_YOUR GOAL_.
Copy out the entries word for word, leaving images aside.
== DATASET EXTRACT ==
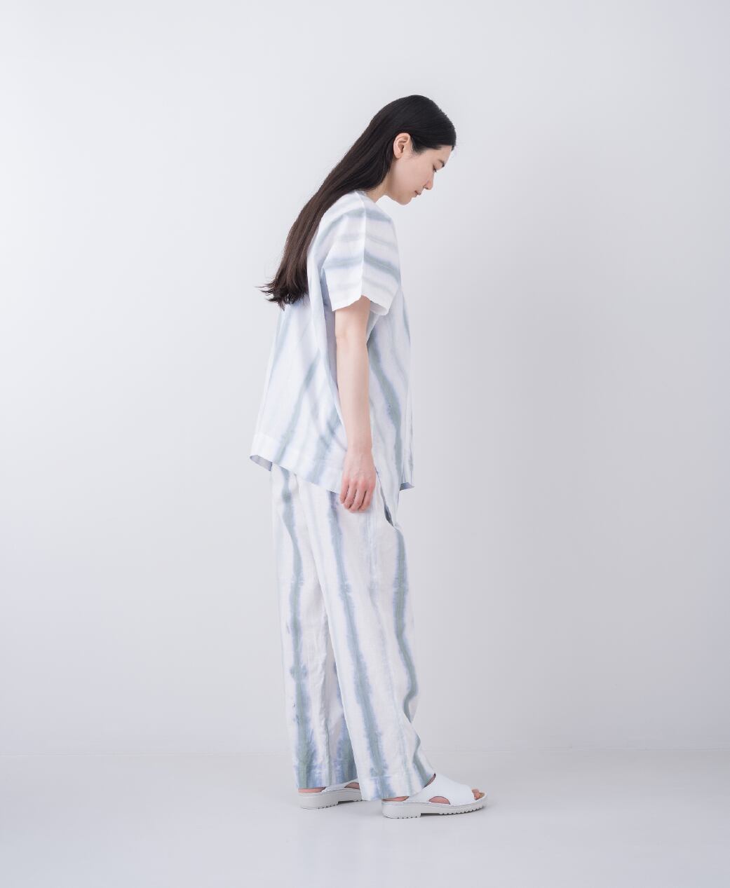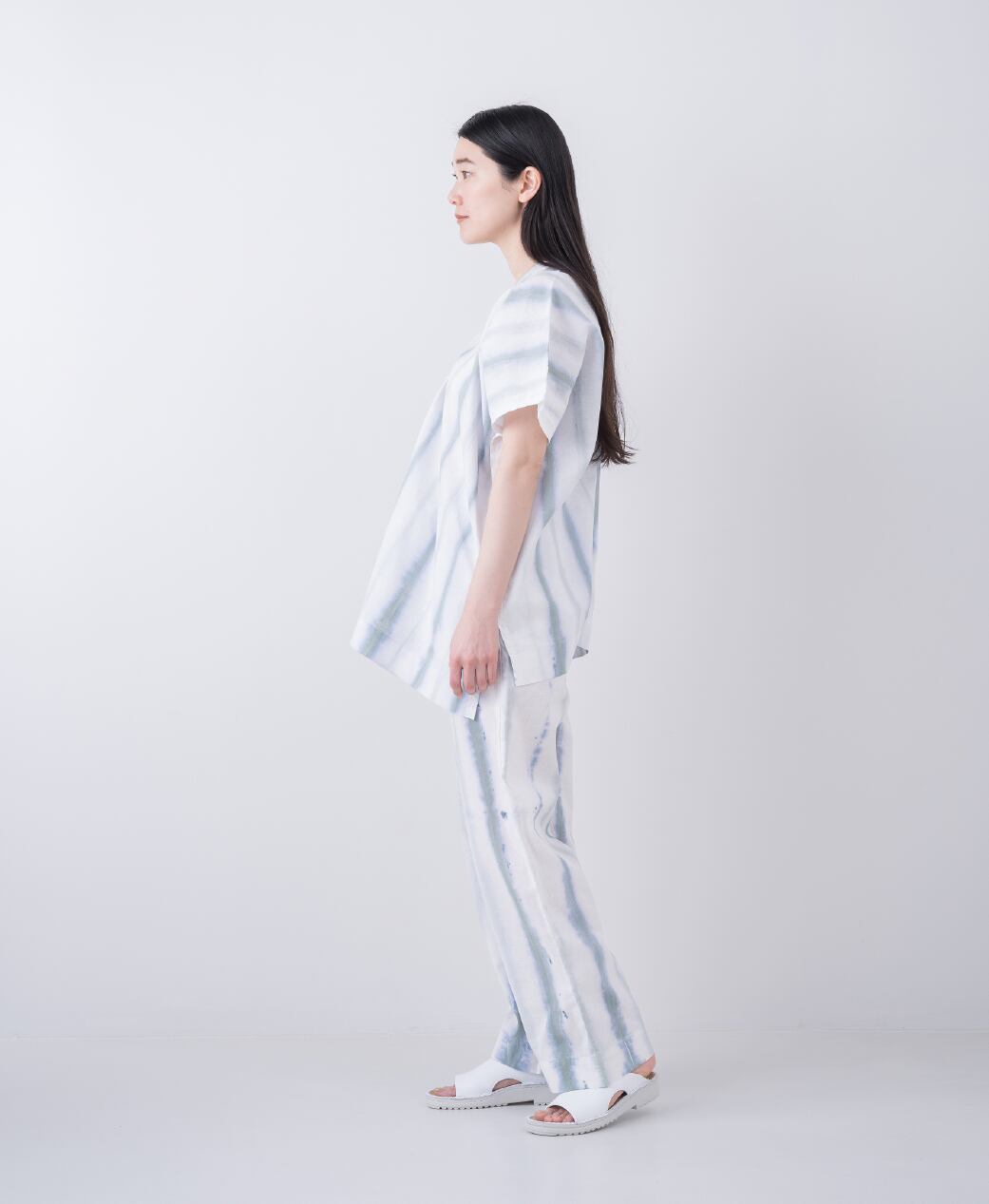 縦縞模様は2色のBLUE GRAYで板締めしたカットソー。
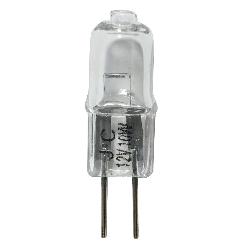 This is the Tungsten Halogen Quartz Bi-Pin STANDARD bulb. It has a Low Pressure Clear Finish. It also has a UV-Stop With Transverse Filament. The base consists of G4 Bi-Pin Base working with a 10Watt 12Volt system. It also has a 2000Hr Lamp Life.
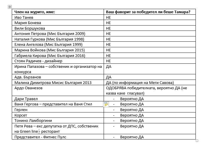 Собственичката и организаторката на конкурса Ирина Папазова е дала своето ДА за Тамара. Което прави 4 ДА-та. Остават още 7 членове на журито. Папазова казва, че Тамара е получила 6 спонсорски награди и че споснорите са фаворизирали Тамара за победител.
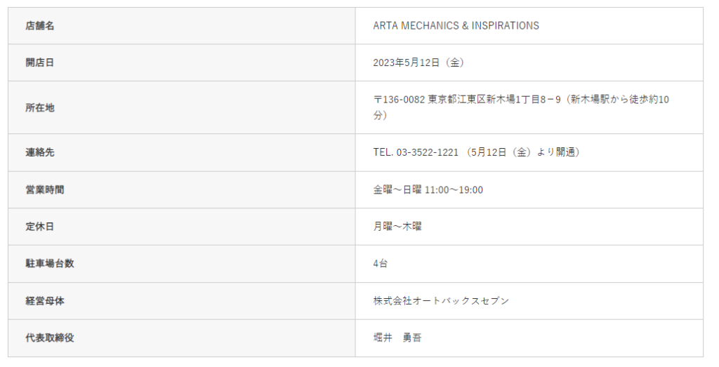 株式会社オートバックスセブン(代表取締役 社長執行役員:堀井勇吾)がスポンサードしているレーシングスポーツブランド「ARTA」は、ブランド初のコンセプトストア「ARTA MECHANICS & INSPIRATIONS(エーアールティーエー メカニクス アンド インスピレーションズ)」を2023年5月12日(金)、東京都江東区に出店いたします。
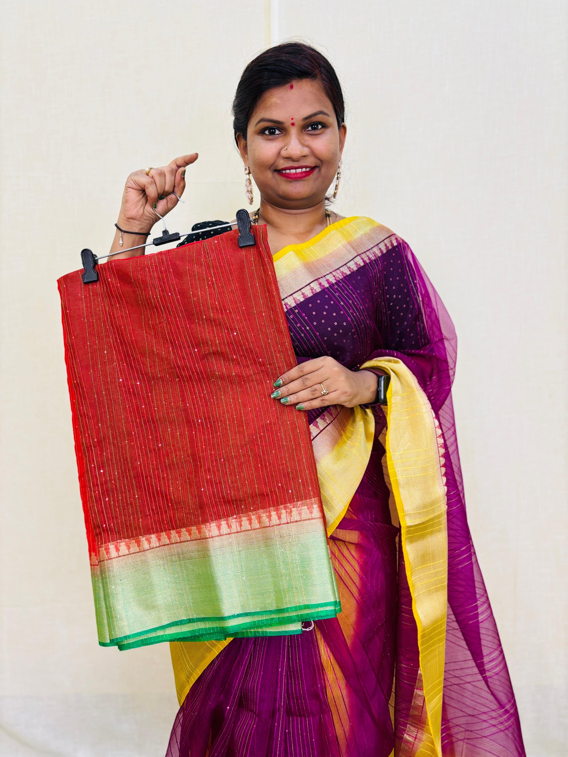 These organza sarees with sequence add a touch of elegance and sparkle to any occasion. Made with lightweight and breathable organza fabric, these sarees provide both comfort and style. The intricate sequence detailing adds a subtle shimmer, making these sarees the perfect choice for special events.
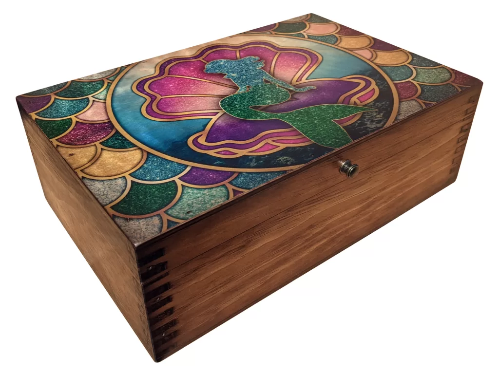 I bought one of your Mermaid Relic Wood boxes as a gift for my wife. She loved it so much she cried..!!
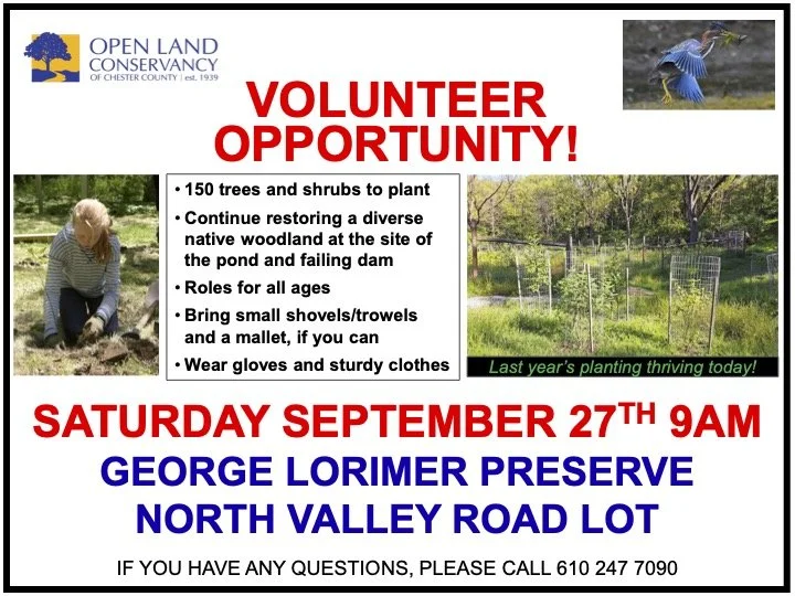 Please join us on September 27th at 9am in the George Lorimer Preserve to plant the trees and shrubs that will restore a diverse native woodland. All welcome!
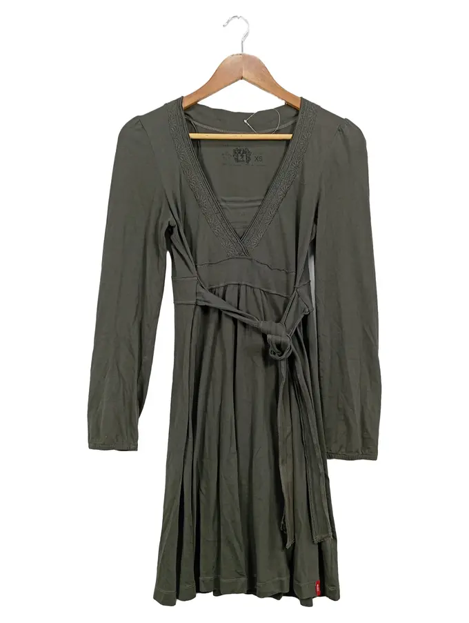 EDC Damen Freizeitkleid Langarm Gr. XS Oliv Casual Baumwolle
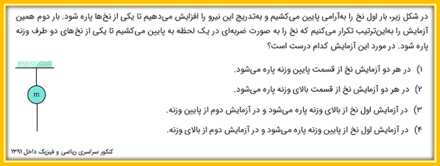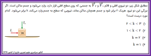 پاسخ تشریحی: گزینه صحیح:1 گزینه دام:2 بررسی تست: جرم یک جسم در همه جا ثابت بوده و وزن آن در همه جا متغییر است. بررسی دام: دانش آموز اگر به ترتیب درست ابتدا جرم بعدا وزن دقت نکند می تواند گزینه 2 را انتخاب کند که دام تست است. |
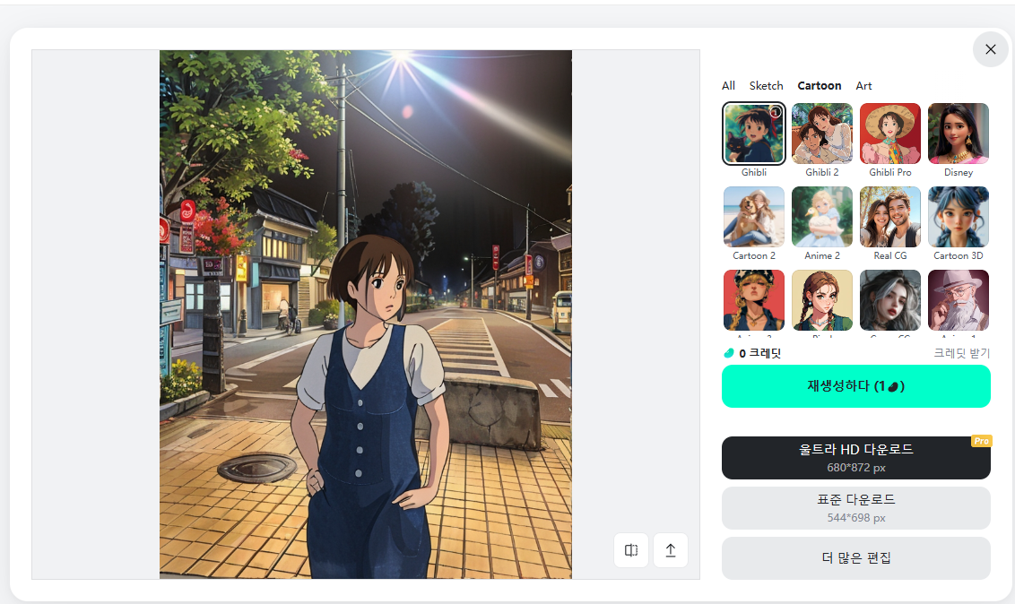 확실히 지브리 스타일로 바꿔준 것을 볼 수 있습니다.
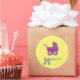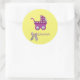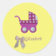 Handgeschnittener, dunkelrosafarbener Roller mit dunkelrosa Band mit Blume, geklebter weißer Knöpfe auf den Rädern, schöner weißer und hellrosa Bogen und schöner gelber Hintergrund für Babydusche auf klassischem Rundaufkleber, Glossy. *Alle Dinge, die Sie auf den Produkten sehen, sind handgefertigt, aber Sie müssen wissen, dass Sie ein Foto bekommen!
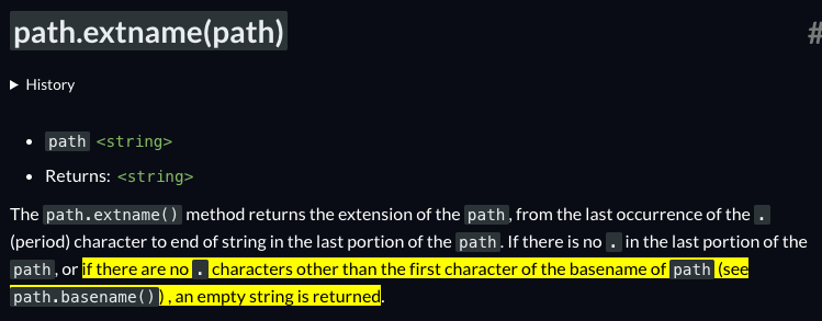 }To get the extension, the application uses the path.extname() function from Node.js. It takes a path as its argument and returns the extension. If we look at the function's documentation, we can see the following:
===
_TASK RESULT_.
 縦縞模様は2色のBLUE GRAYで板締めしたカットソー。
 This is the Tungsten Halogen Quartz Bi-Pin STANDARD bulb. It has a Low Pressure Clear Finish. It also has a UV-Stop With Transverse Filament. The base consists of G4 Bi-Pin Base working with a 10Watt 12Volt system. It also has a 2000Hr Lamp Life.
 Собственичката и организаторката на конкурса Ирина Папазова е дала своето ДА за Тамара. Което прави 4 ДА-та. Остават още 7 членове на журито. Папазова казва, че Тамара е получила 6 спонсорски награди и че споснорите са фаворизирали Тамара за победител.
 株式会社オートバックスセブン(代表取締役 社長執行役員:堀井勇吾)がスポンサードしているレーシングスポーツブランド「ARTA」は、ブランド初のコンセプトストア「ARTA MECHANICS & INSPIRATIONS(エーアールティーエー メカニクス アンド インスピレーションズ)」を2023年5月12日(金)、東京都江東区に出店いたします。
 These organza sarees with sequence add a touch of elegance and sparkle to any occasion. Made with lightweight and breathable organza fabric, these sarees provide both comfort and style. The intricate sequence detailing adds a subtle shimmer, making these sarees the perfect choice for special events.
 I bought one of your Mermaid Relic Wood boxes as a gift for my wife. She loved it so much she cried..!!
 Please join us on September 27th at 9am in the George Lorimer Preserve to plant the trees and shrubs that will restore a diverse native woodland. All welcome!
 EDC Damen Freizeitkleid Langarm Gr. XS Oliv Casual Baumwolle
 پاسخ تشریحی: گزینه صحیح:1 گزینه دام:2 بررسی تست: جرم یک جسم در همه جا ثابت بوده و وزن آن در همه جا متغییر است. بررسی دام: دانش آموز اگر به ترتیب درست ابتدا جرم بعدا وزن دقت نکند می تواند گزینه 2 را انتخاب کند که دام تست است. |
 확실히 지브리 스타일로 바꿔준 것을 볼 수 있습니다.
 Handgeschnittener, dunkelrosafarbener Roller mit dunkelrosa Band mit Blume, geklebter weißer Knöpfe auf den Rädern, schöner weißer und hellrosa Bogen und schöner gelber Hintergrund für Babydusche auf klassischem Rundaufkleber, Glossy. *Alle Dinge, die Sie auf den Produkten sehen, sind handgefertigt, aber Sie müssen wissen, dass Sie ein Foto bekommen!
 }To get the extension, the application uses the path.extname() function from Node.js. It takes a path as its argument and returns the extension. If we look at the function's documentation, we can see the following:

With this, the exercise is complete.